Living Cities, a nonprofit collaborative of groups aiming to improve the fortunes of low-income people, will invest as much as $500,000 in entrepreneurs working to tackle social and environmental issues facing southeast Louisiana.
The effort is part of the Washington, D.C.-based group's nationwide $37 million impact investing debt fund, called the Blended Catalyst Fund. It will support a new partnership to be launched next year by the New Orleans-based Propeller and the Baton Rouge-based Foundation for Louisiana.
Through this effort, the two local organizations will make loans to nonprofit and for-profit social ventures that are working on solving pressing issues in food access, water management, educational equity and health, Propeller said.
“Today’s commitment by Living Cities will address access to capital needs for small businesses in our region," said Flozell Daniels, CEO of the Foundation for Louisiana. "We are excited about the response we have received to this idea from local, regional and national banks, community development finance institutions and other lenders across southeast Louisiana.”

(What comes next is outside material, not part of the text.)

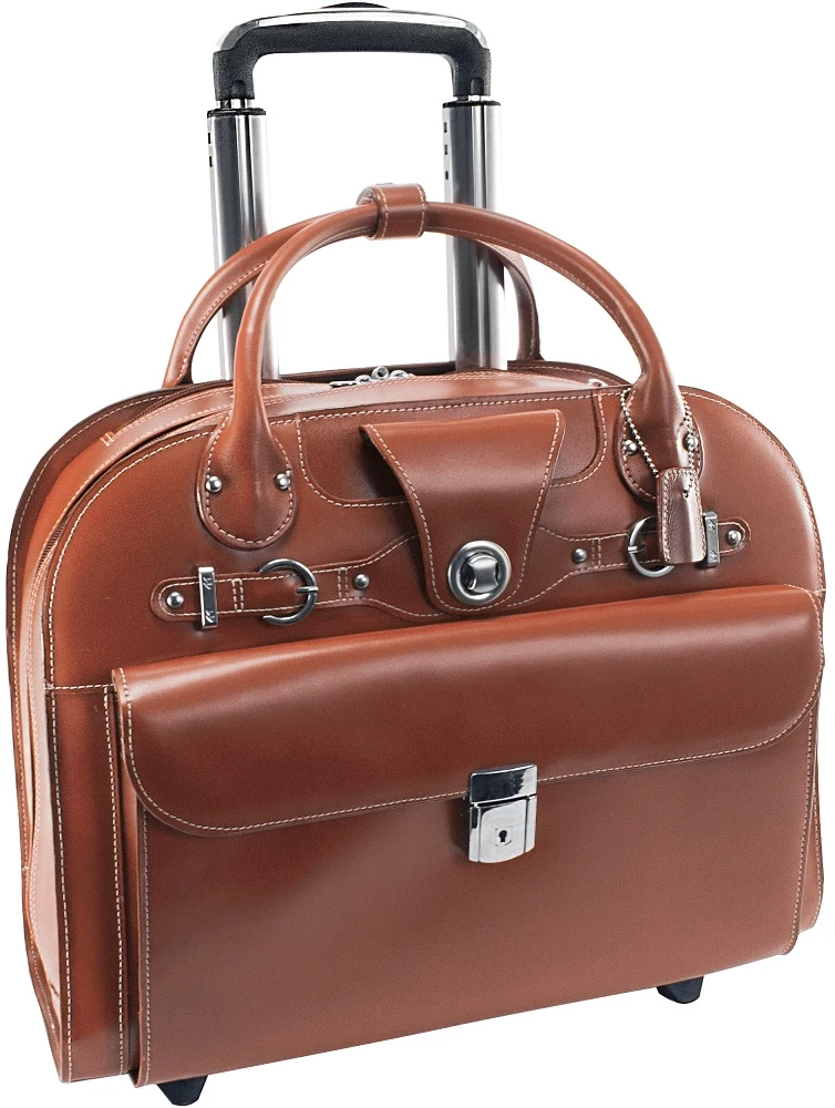 Traditional and elegant, the McKlein L Series Edgebrook wheeled ladies laptop briefcase is very professional! Those women executives who appreciate great value and design do appreciate the features found in this innovative McKlein briefcase! You can use it with or without the wheel system. It weighs a lightweight 6.6 pounds. It has efficient pockets and compartments to keep you well organized at all times! This handsome McKlein L Series SALE briefcase even has a pocket you can lock! We include FREE shipping and a FREE leather bag tag monogrammed with your own initials.
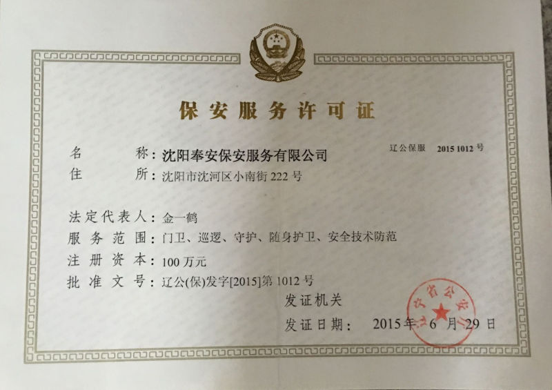 沈陽奉安保安服務(wù)有限公司(原沈陽市沈河區(qū)保安服務(wù)公司)創(chuàng)建于一九八八年八月,是遼寧省公安廳、沈陽市公安局批準(zhǔn),工商行政部門登記注冊,全市首家具備保安資質(zhì)的特殊性服務(wù)企業(yè),隸屬于沈陽市沈河區(qū)政府直管的全民國有企業(yè),現(xiàn)為中國保安協(xié)會會員單位和省保協(xié)、市保協(xié)常務(wù)理事單位:在全市同行業(yè)中率先通過ISO國際質(zhì)量認證,是市工商局批準(zhǔn)的“重合同守信用”免檢單位和沈陽市政府采購中心保安服務(wù)項目重點競標(biāo)單位;擁有一支專業(yè)化、標(biāo)準(zhǔn)化、職業(yè)化的高素質(zhì)保安隊伍,是公安機關(guān)重要的輔警力量。

The partnership will seek to address funding gaps faced by New Orleans’s small businesses, particularly women and minority-owned businesses, by offering loans with favorable terms and mentoring borrowers.
"New, accessible sources of capital are crucial to the viability and growth of the New Orleans entrepreneurial community,” Propeller Executive Director Andrea Chen said. "I am grateful to all of the partners who have committed to invest in the small businesses and nonprofits working to solve critical issues in their communities and across our region.”
Additional support for the new fund will be provided by the Patrick F. Taylor Foundation, the blue moon fund and the Ella West Freeman Foundation, Propeller said.
Details on how to apply for loans will be announced in early 2017.
Earlier this month, Propeller announced it was awarded a two-year, $420,000 grant from the Ewing Marion Kauffman Foundation. Propeller, which was selected from more than 375 applicants nationwide, plans to use the money to implement programs to help address racial inequalities.